> **What to work on**
Everything from the line that contains "Sarathybiz Women’s Navratri" to the final line of the data, both ends included, must be set down exactly, apart from the pictures.

(Data for review)

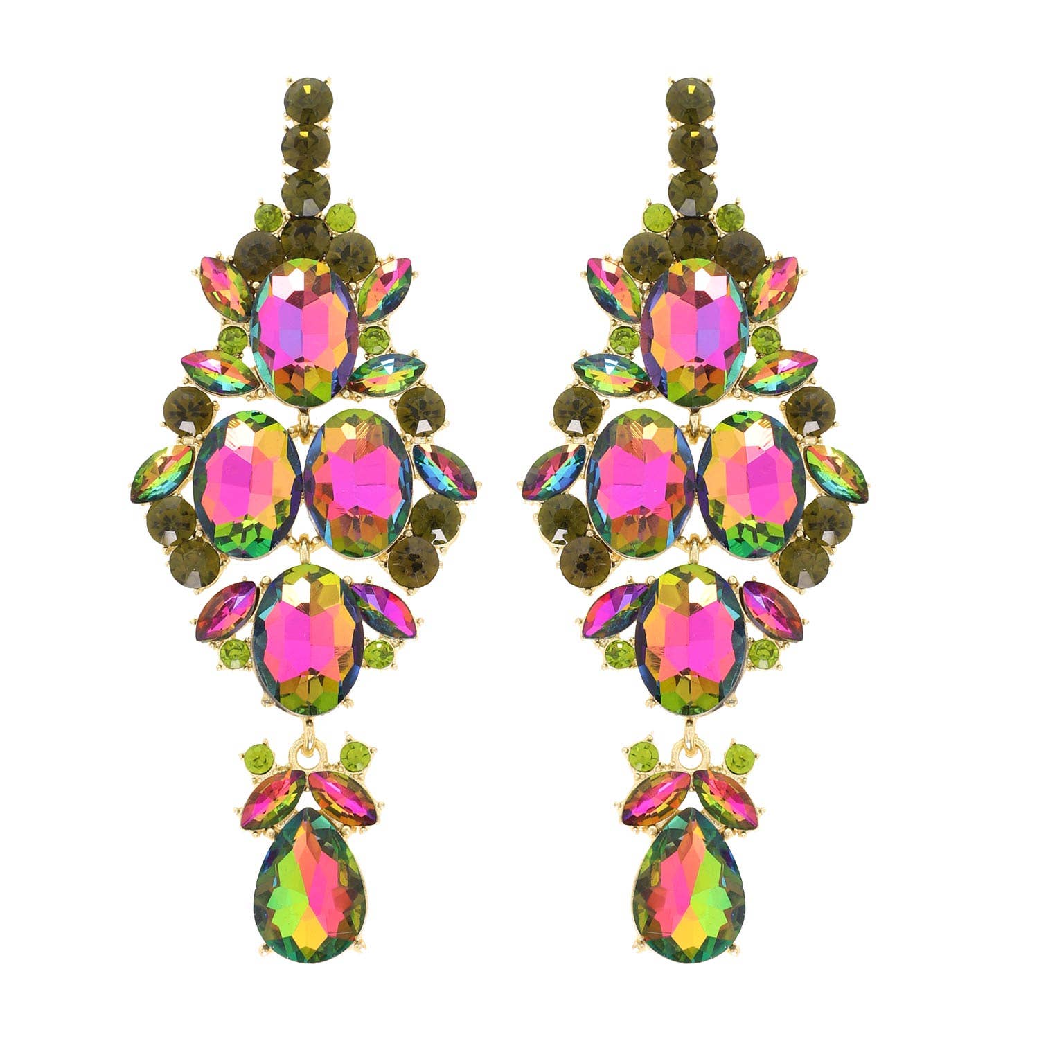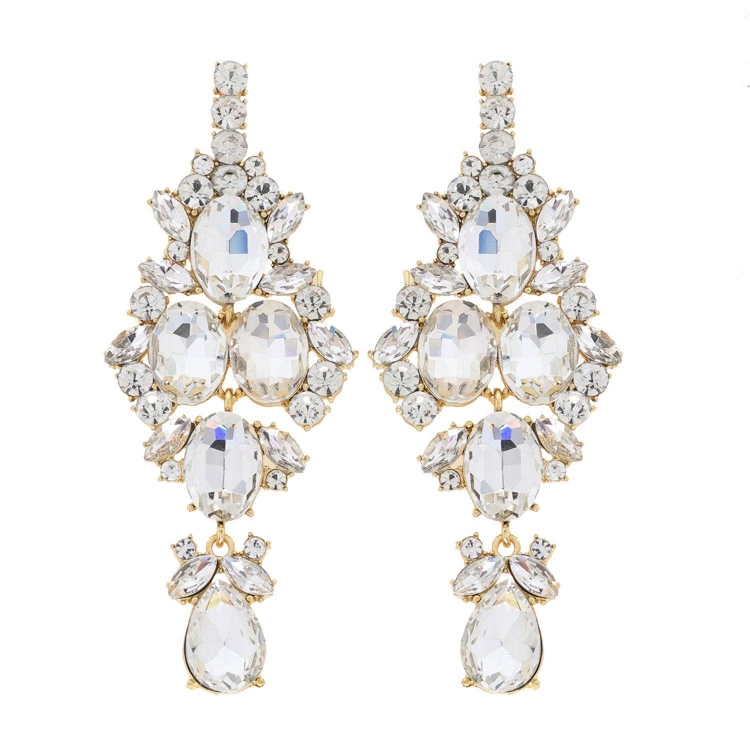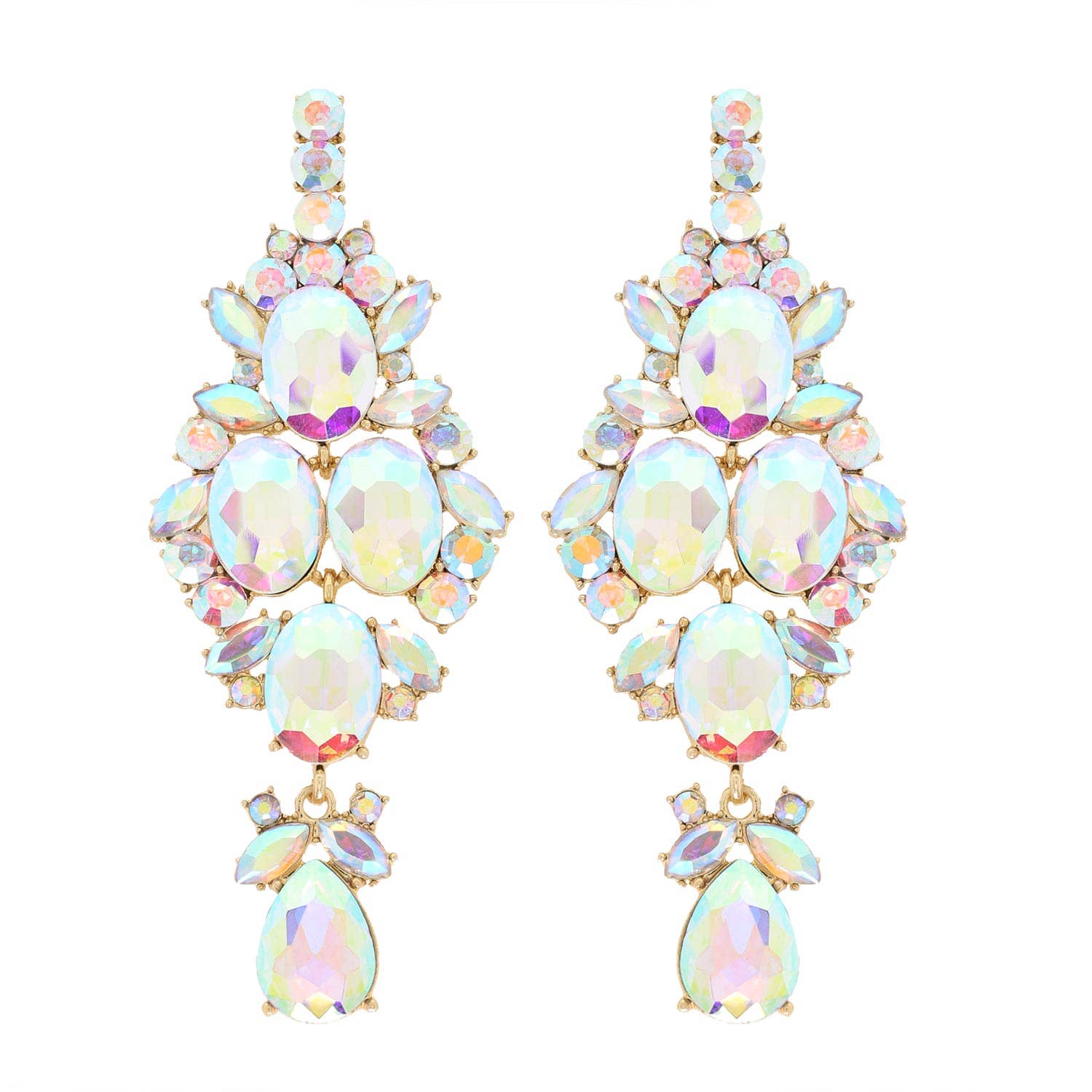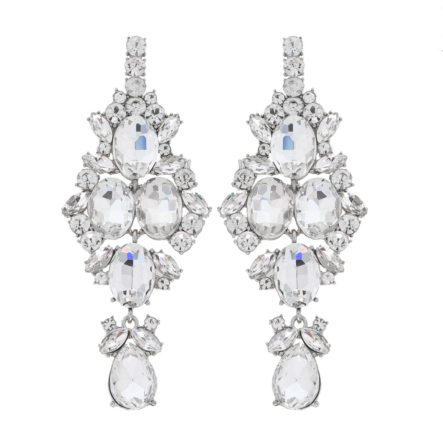 OVAL LINEAR PETAL CLUSTER PEAR VINTAGE ART DECO COCKTAIL FANCY ELEGANT CRYSTAL GEMSTONE BLING JEWELED STONE JEWELED GLAM EVENING DRESSY FORMAL PROM PARTY BRIDAL WEDDING STATEMENT LARGE BIG DANGLE LONG DROP EARRINGS
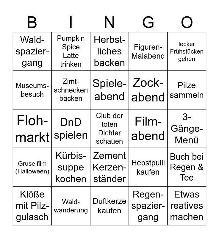 This bingo card has 25 words: Kürbis- suppe kochen, Duftkerze kaufen, Spiele-abend, Klöße mit Pilz-gulasch, lecker Frühstücken gehen, Wald-spazier-gang, Museums-besuch, Pumpkin Spice Latte trinken, Film-abend, Zement Kerzen-ständer, Zock-abend, Floh-markt, Hebstpulli kaufen, Buch bei Regen & Tee, Zimt- schnecken backen, Etwas reatives machen, 3-Gänge-Menü, Herbst-liches backen, Pilze sammeln, DnD spielen, Club der toten Dichter schauen, Wald-wanderung, Gruselfilm (Halloween), Figuren-Malabend and Regen-spazier-gang.
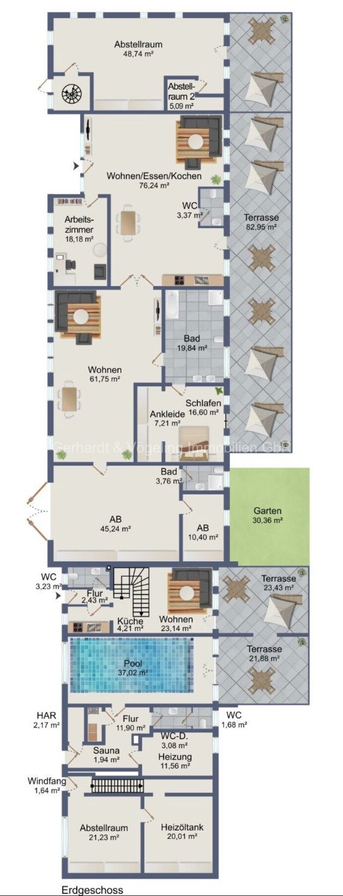 Geplante zusätzliche Wohnfläche laut Architektenplanung: ca. 540 m². Baugenehmigung liegt vor.
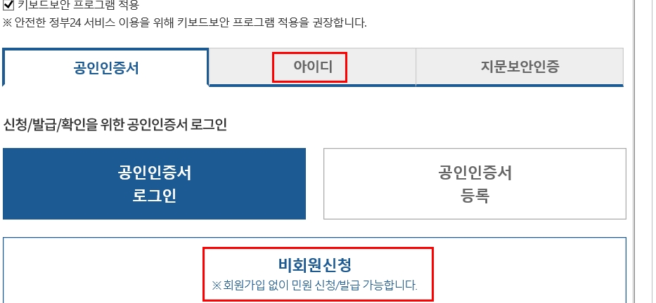 회원 가입 없이 민원 신청/발급이 가능합니다.
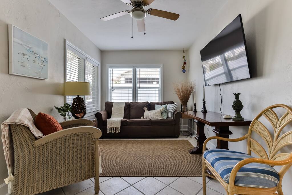Relax in this charming 1BR is part of a duplex, just a 5-minute walk to the beach and 14 minutes to lively Flagler Ave. Features a king bed, full bath, fully equipped kitchen, and shared heated pool with a tropical backyard. Perfect for couples or solo travelers looking to unwind and enjoy everything New Smyrna Beach has to offer!
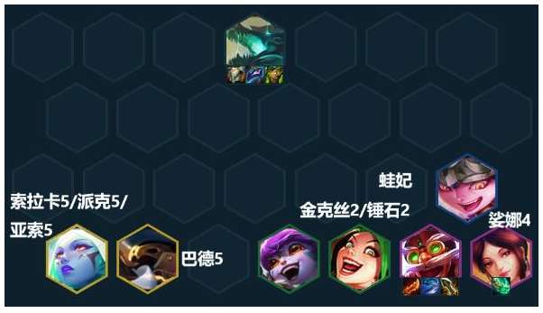 多余装备:琴女和巴德消化多出的法系装备和蓝量装备,小炮捡飞机不要的垃圾,金克丝带旗子当工具人加攻速。后期看情况给高费卡找装备。
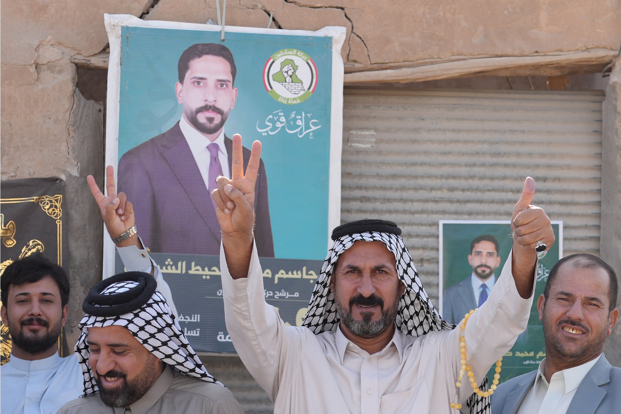 Iraqi men in traditional dress flash the V-sign for victory as they gather in the working-class neighborhood of al-Thawra, in the central city of Najaf, on November 11, 2025, during Iraq’s parliamentary elections. (Qassem al-KAABI / AFP)
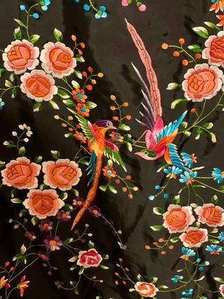 Mantón de Manila antiguo es una pieza de museo bordado a mano. Elaborado en seda negra gruesa, luce brillantes motivos florales y un par de pájaros bellamente detallados en cada esquina, lo que le aporta un toque de simbolismo y vitalidad. Los densos flecos anudados caen con elegancia al lucirse o exhibirse. Material: seda con hilo de bordar de colores. Color: Fondo negro con flores y pájaros multicolores. Medidas: Aprox. 150 × 150 cm sin incluir los flecos Largo del fleco: Aprox. 55 cm de fleco de macramé anudado a mano Peso: aproximadamente 2,26 kg Estado: Excelente estado antiguo; el bordado y los flecos están intactos con míni
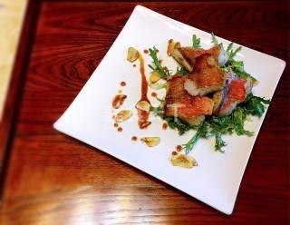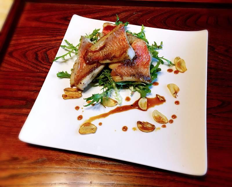 大西洋红鱼300g、苦菊50g、蒜瓣2个、沙拉酱10g、生抽2茶匙、盐10g、黄油25g、橄榄油3茶匙、柠檬1个、黑胡椒粉3g
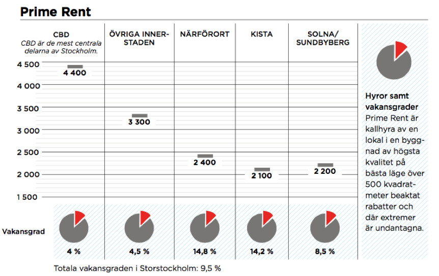 – Moderna fastigheter efterfrågas allt mer. Eftersom man vill effektivisera ytorna så är gamla kontor inte lika efterfrågade. Fler företag följer i spåren av de storföretag och banker som fattat beslut att lämna CBD för att lokalisera sig utanför stadskärnan. Detta märks på sjunkande vakansgrader i Solna/Sundbyberg, Kista och Närförort, parallellt med något stigande vakansgrader i CBD och övriga innerstaden, även då vakansgraderna i innerstaden fortfarande är historiskt låga.
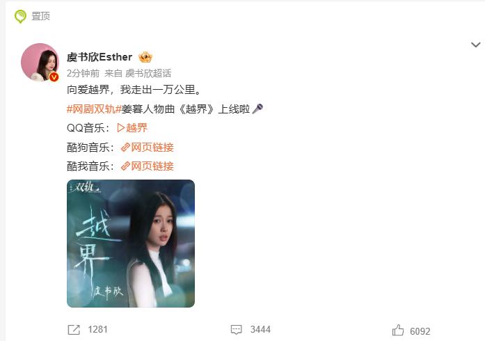 双轨人物曲《越界》由虞书欣演唱并正式上线,该曲为姜暮专属角色曲,歌声传递的细腻情
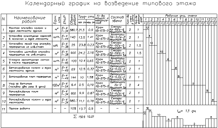 На основе калькуляции трудовых затрат и заработной платы и выбранного варианта производства бетонных работ составляем график производства работ, представленный на рис.5.3.
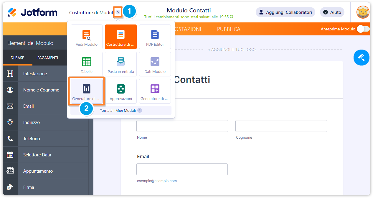 Puoi accedere velocemente al costruttore di report da qualsiasi pagina Jotform (Costruttore di Moduli, PDF Editor, Tabelle, Inbox, etc). Scegliendo l’opzione Report Builder dal menù, si aprirà la pagina del Costruttore di Report.
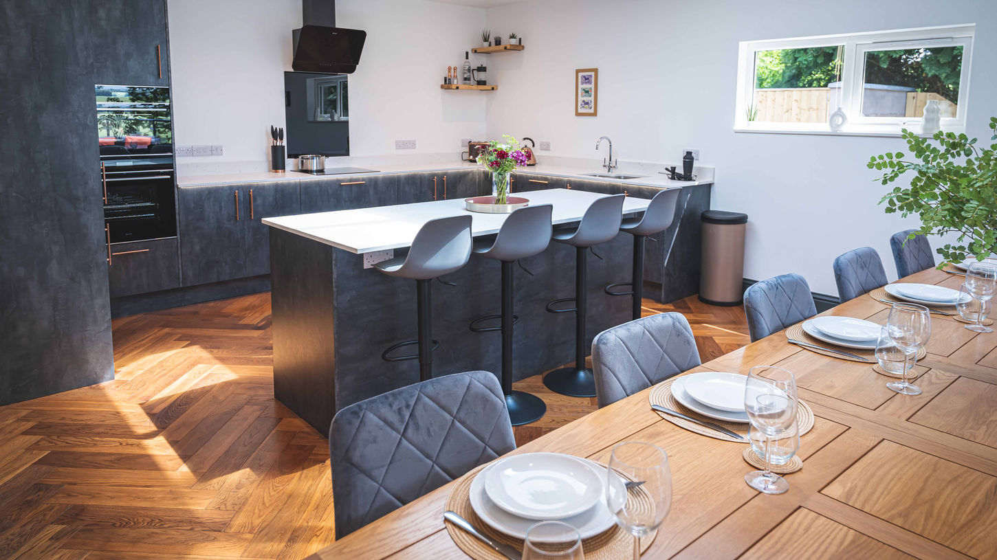 The vision for the kitchen at Three Oaks was to create a striking open-plan space enhanced by the perfect blend of colours and textures. It was also important that the materials used were sustainable and durable. The result, designed by Jack Woodcock, is a modern and sleek space characterised by the contrast between our textured Impressions Grey Slate door that is sourced from FSC-approved materials and the copper detailing in the handles and appliances. The Carrara Quartz worktops helped to further open up the space and perfectly compliment the parquet flooring.
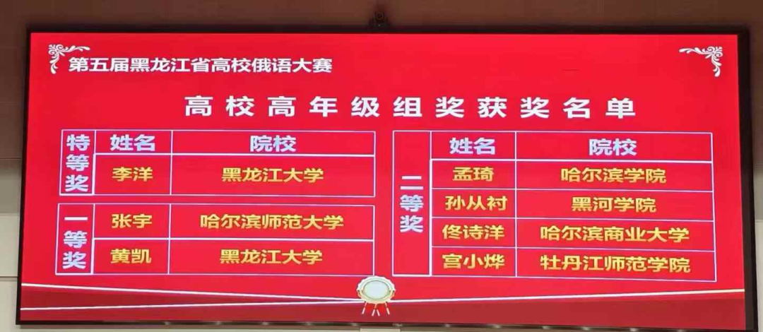 2024年10月13日,第五届黑龙江省高校俄语大赛在牡丹江师范学院落下帷幕。此次赛事由黑龙江省教育厅高教处、黑龙江省高等学校外国语言文学类专业教学指导委员会、黑龙江省普通高等学校创新创业教育指导委员会、黑龙江省俄语学会主办,牡丹江师范学院承办。来自哈尔滨工业大学、东北林业大学、黑龙江大学、哈尔滨师范大学等省内20所院校的67名选手参加了本次比赛。
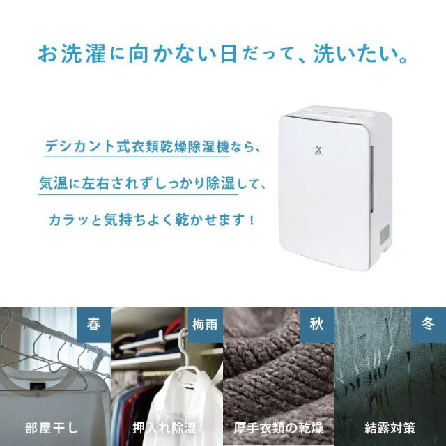 DJ-LTS8N-W 商品説明シリーズ 衣類乾燥除湿機カラー ホワイト仕様・特徴 お洗濯も除湿ももっと気持ちよく除湿方式:デシカント式除湿能力:8.0L/日タンク容量:約4.0Lで自動停止電源電圧:AC100V 50/60Hz消費電力:720/720W 50/60Hz【除湿面積】木造(戸建):10畳まで(約17m2)プレハブ:15畳まで(約25m2)コンクリート:(集合)20畳まで(約33m2)スピード衣類乾燥・夜ドライモード「壁にピッタリ」送風で効率よく除湿大きく持ち運びやすいらくらくハンドル銀イオンフィルターで抗菌電源コード2.5mサイズ 外形寸法(高さ×幅×奥行):506×350×240mm重量 約7.2kg
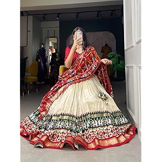 Sarathybiz Women’s Navratri Collection 2023 Dolla Silk Lehenga Choli Patola Print with Foil Work With Blouse Solid
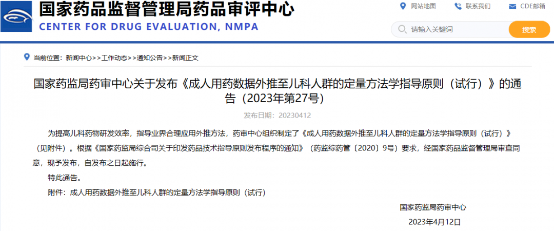 國家藥監(jiān)局藥審中心關(guān)于發(fā)布《成人用藥數(shù)據(jù)外推至兒科人群的定量方法學(xué)指導(dǎo)原則(試行)》的通告(2023年第27號(hào))

(End Data for review)

> **Answer for the task**
 Sarathybiz Women’s Navratri Collection 2023 Dolla Silk Lehenga Choli Patola Print with Foil Work With Blouse Solid
 國家藥監(jiān)局藥審中心關(guān)于發(fā)布《成人用藥數(shù)據(jù)外推至兒科人群的定量方法學(xué)指導(dǎo)原則(試行)》的通告(2023年第27號(hào))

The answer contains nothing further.